I'm wondering what to tinker with, the requirements.txt line for blobconverter 1.3.0 or the implicit dependencies of depthai-sdk 1.0.1?

I tried changing it from 1.3.0 to 1.0.0 in requirements.txt and the demo does run for a few seconds, but then gets a segfault in depthai.cpython-390aarch64-linux-gnu.so.

Is there a better way of using the API than the way these older gen2 examples are coded?

TTedHerman · Oct 2, 2023

Hi @erik Thanks for the pointers.

By the way, when I run the human-pose-estimation-0001 using depthai_demo.py, it runs 4.4 FPS or better, and the depth disparity color is 22 FPS. In principle, extracting the data I need is feasible, it's a matter of coaxing it out of the software.

TTedHerman · Oct 2, 2023

Hi, I tried the 7-line demo suggested, and it works (even on my RPi4) using an OAK-D. But as said above, it lags considerably wrt real time (maybe two or more seconds). I'm wondering how I can just get the passthrough, that is, only the landmarks and not the image (whole frame) data.

Looking at https://github.com/luxonis/depthai-experiments/blob/master/gen2-human-pose/main.py we see that as the queue is processed, each item has a list of potentially 18 landmarks (?) containing (x,y) of each landmark.

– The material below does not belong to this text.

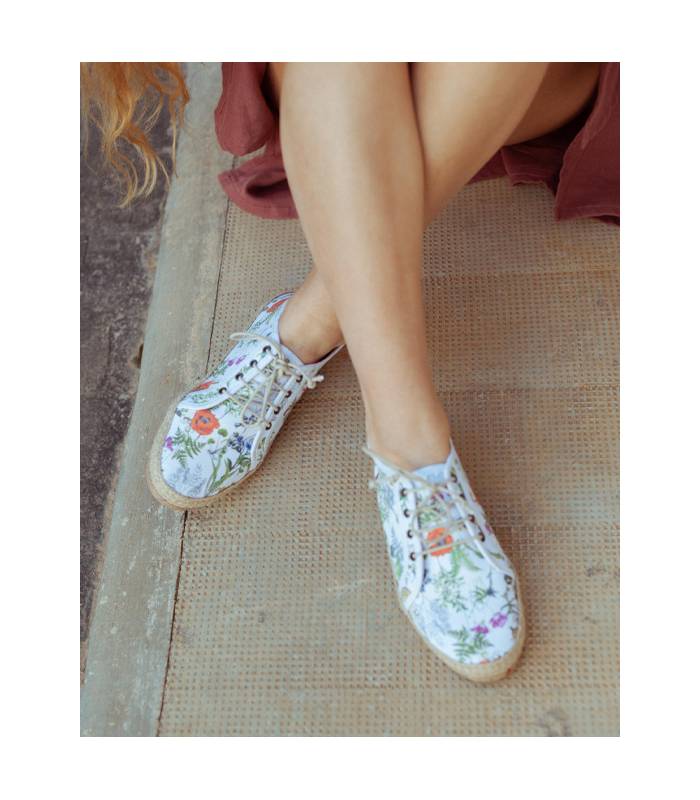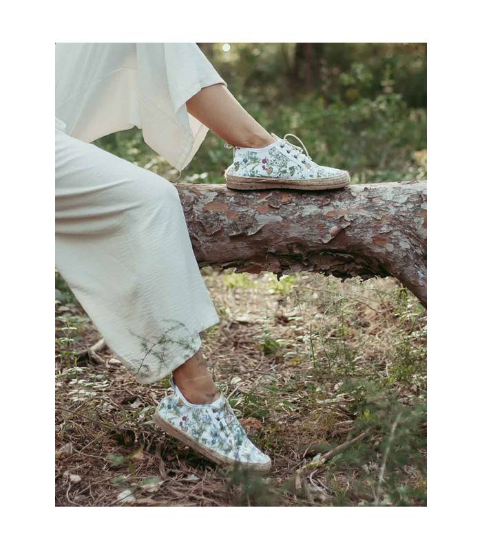 The Etes vegan sneakers are made with GOTS certified organic cotton fabric and made in a family workshop in Elche. The lining is made of organic cotton and the laces as well. The super-flexible sole is made of natural rubber and 20% of washed and shredded recycled shoes. Designed and made in Alicante at a slow pace.

It's unclear to me how this works. I'd also like to obtain depth as well as the (x,y) and a label of the landmark for each item.

However, looking deeper, there is code for heatmaps, and then

probMap = cv2.resize(probMap, nm.inputSize) # (456, 256)

keypoints = getKeypoints(probMap, 0.3)

new_keypoints_list = np.vstack([new_keypoints_list, *keypoints])

looks like maybe it is not so simple and bandwidth-limited as I imagined (otherwise why the cv2 call).

Is this something that depthai_sdk can make easy, or should I just try working with gen2?

TTedHerman · Sep 28, 2023

On the landing page for luxonis.com, under the Artificial Intelligence section, then the tab for Landmark Detection, there is a kind of pose estimation shown with a woman dancing. It's not the standard human pose estimation: the wire skeleton doesn't include the head and there are two verticals for the torso. What model was used to do this, and can I try it on my OAK-D? I searched the zoo for landmarks but didn't find a description that I thought was the one used.

Note: the TF models here: https://www.tensorflow.org/lite/examples/pose_estimation/overview look similar, though the facial landmarks are missing. Is it because she wears a mask?

TTedHerman · Sep 27, 2023

Thank you, that got the PointcloudComponent demo to working. The IMUComponent fails probably because my OAK-D is too old (firmware complaint). Not a problem since I wasn't planning on using IMU functions.